[Collected data — start]
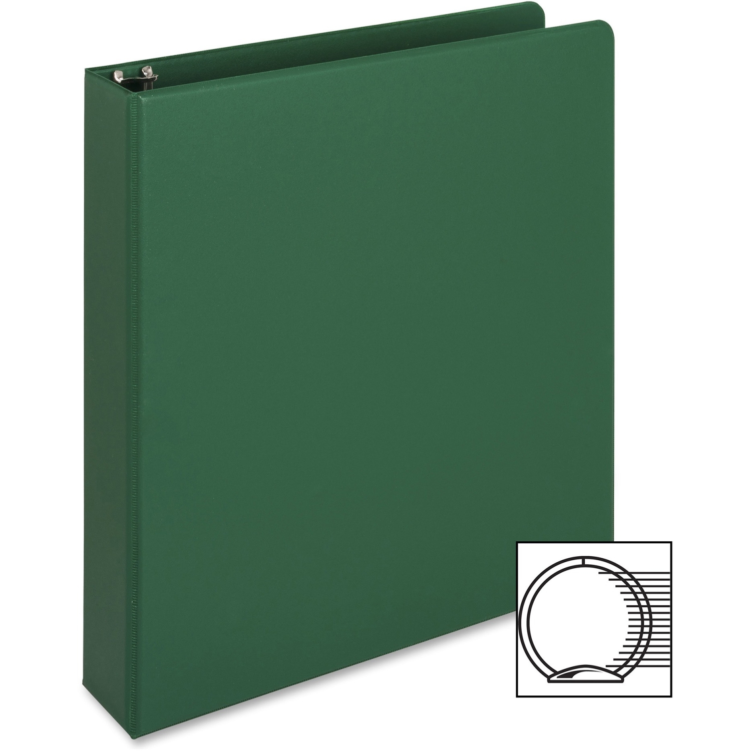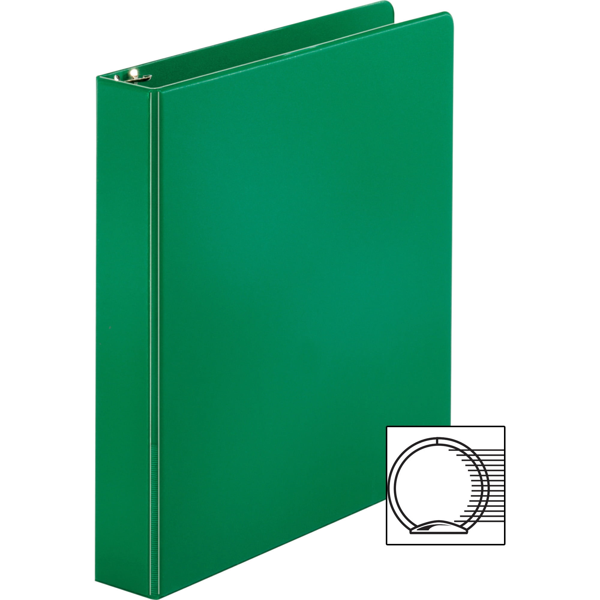 Basic round-ring binder features two triggers on the ring mechanism that provide easy access to your documents. Back-mounted metal rings allow pages to lie flat. 1-1/2" capacity holds up to 350 sheets. Clear pockets inside front and back covers offer extra document storage with a 30-sheet capacity for each pocket. Design also features a sturdy chipboard core and exposed rivets. Three-ring binder is made of polypropylene.
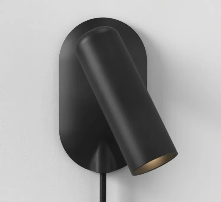 Conçue par le Studio Astro pour la marque britannique Astro, l’applique liseuse Gio est pensée pour un usage intérieur décoratif ou architectural et se décline ici en finition noir mat, dans un format compact et discret.
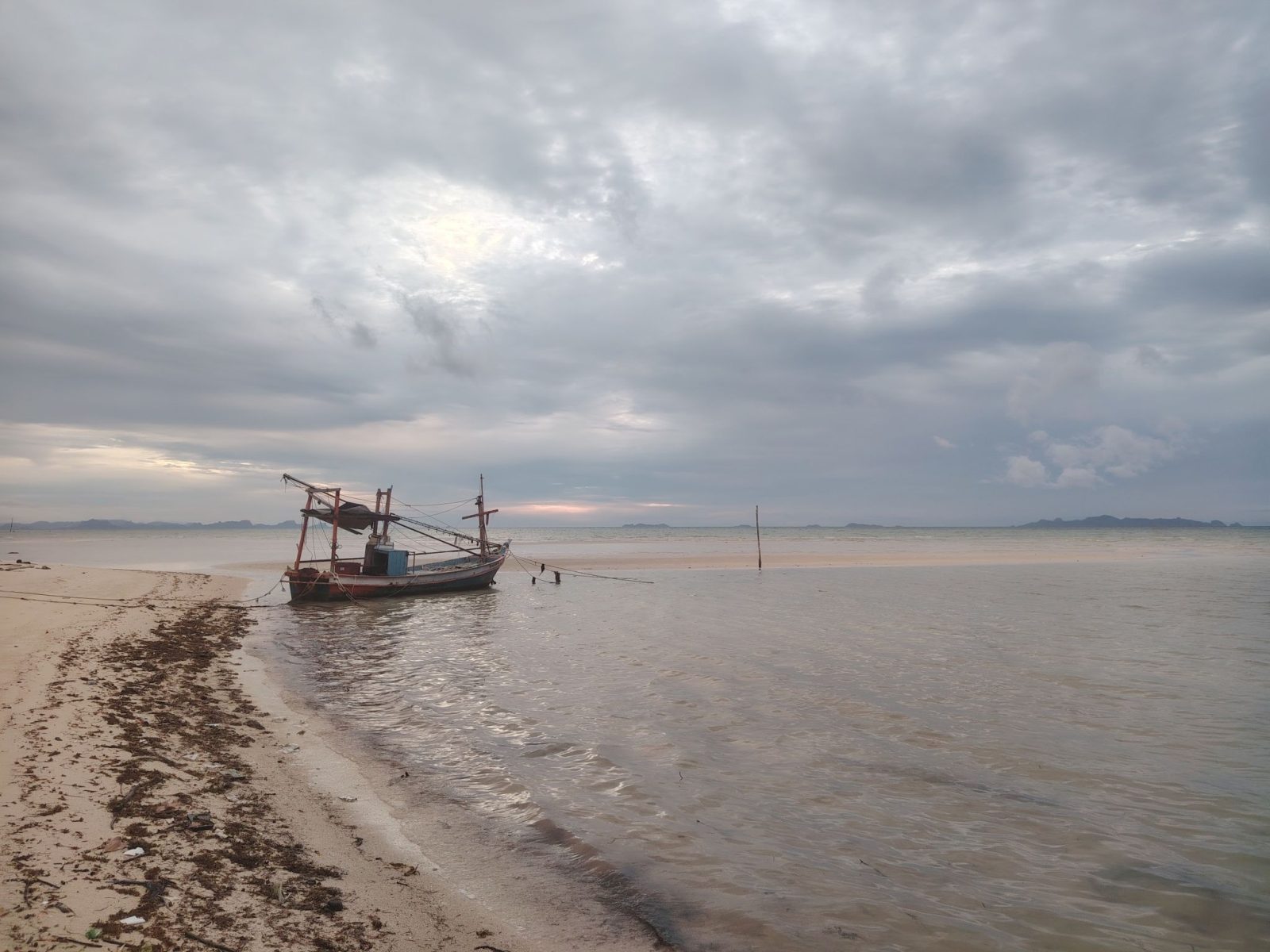 A következő megálló egy ötletszerű megálló volt. Nem is tudnám, hogy hol voltam, ha az előbb ki nem próbálom ezt a fénykép információs térképezést. Szóval, mendegéltem az úton a kis kék robogómmal és a főútról hirtelen nem álltam ellen egy utcácska hívogatásának. Szűk kanyargókon mentem le a tengerpartra, aminek neve sincs a térképen, de azt sikerült kiderítenem, hogy az pont Ko Mat Lang szigetével voltam szemben.
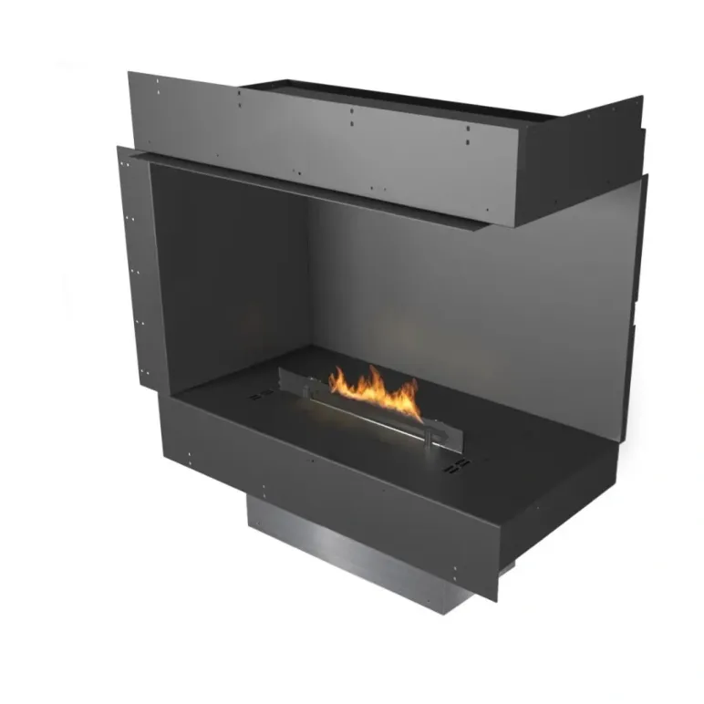 Focar incastrabil pe bioetanol cu rama tip colt dreapta, pentru integrare in perete sau mobilier. Flacara reala fara cos de fum, control din panou tactil, telecomanda si aplicatia Planika, cu tehnologie BEV si realimentare automata.
[Collected data — finish]
Exercise objective:
Strip out the pictures and quote the remaining data word for word.

Output of the exercise:
 Basic round-ring binder features two triggers on the ring mechanism that provide easy access to your documents. Back-mounted metal rings allow pages to lie flat. 1-1/2" capacity holds up to 350 sheets. Clear pockets inside front and back covers offer extra document storage with a 30-sheet capacity for each pocket. Design also features a sturdy chipboard core and exposed rivets. Three-ring binder is made of polypropylene.
 Conçue par le Studio Astro pour la marque britannique Astro, l’applique liseuse Gio est pensée pour un usage intérieur décoratif ou architectural et se décline ici en finition noir mat, dans un format compact et discret.
 A következő megálló egy ötletszerű megálló volt. Nem is tudnám, hogy hol voltam, ha az előbb ki nem próbálom ezt a fénykép információs térképezést. Szóval, mendegéltem az úton a kis kék robogómmal és a főútról hirtelen nem álltam ellen egy utcácska hívogatásának. Szűk kanyargókon mentem le a tengerpartra, aminek neve sincs a térképen, de azt sikerült kiderítenem, hogy az pont Ko Mat Lang szigetével voltam szemben.
 Focar incastrabil pe bioetanol cu rama tip colt dreapta, pentru integrare in perete sau mobilier. Flacara reala fara cos de fum, control din panou tactil, telecomanda si aplicatia Planika, cu tehnologie BEV si realimentare automata.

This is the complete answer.